Frits Hoogland for YugabyteDB

Posted on Feb 14, 2022

Mirage of memory, part 3: overcommit

#linux #performance #postgres #yugabyte

This is a series of blogpost about linux memory management. This blogpost is about overcommit.

What is 'overcommit'? In linux, overcommit means the kernel allows more memory to be defined as allocated, which means the allocation adds to the VSZ or virtual set size, than the virtual memory size of the linux system can provide. Virtual memory here is physical available memory plus swap.

The linux kernel does facilitate overcommit because of the kernel parameter /proc/sys/vm/overcommit_memory setting default value of 0. The value of 0 means "heuristic overcommit handling".

This means that a process could startup, allocating more memory than is available, and everything works happy. Once the process that has allocated the huge amount of memory starts paging in memory, and thus starts growing its actual memory footprint, it will force the use of swap of the amount of memory exceeds available memory, and if it has run out of swap, there is no more memory left, so it will have to resort to the out of memory killer (OOM killer) to free memory.

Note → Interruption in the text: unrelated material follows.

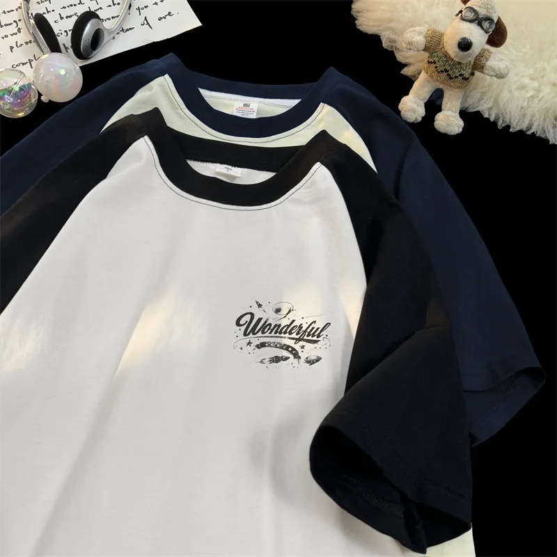 Футболка реглан из чистого хлопка с коротким рукавом и круглым вырезом, модная Универсальная футболка для пары

The first thing to notice is that the kernel actually does keep track of the initial allocation that adds to the virtual set size. It also doesn't allow excessive allocations, it only allows allocations within a certain range:

Example of VSZ allocation (only):

$ target/debug/eatmemory -s 1000 -a 0 -v
total memory        :      1860 MB
available memory    :      1513 MB
free memory         :       438 MB
used memory         :       171 MB
total swap          :      2158 MB
free swap           :      2158 MB
used swap           :         0 MB
creating vec with size 1000 MB
pointer to hog: 0x7f43dd7ff010
allocating vec for 0 MB (-1 means creation size)
total memory        :      1860 MB
available memory    :      1512 MB
free memory         :       437 MB
used memory         :       172 MB
total swap          :      2158 MB
free swap           :      2158 MB
used swap           :         0 MB
done. press enter to stop and deallocate

In this example I am allocating a certain amount of memory (-s 1000M), but do not actually page it in (-a 0). As you can see in the second memory overview after the vec (an array in Rust) creation, you see that the available memory only decreased by 1M, the 1000M wasn't actually allocated.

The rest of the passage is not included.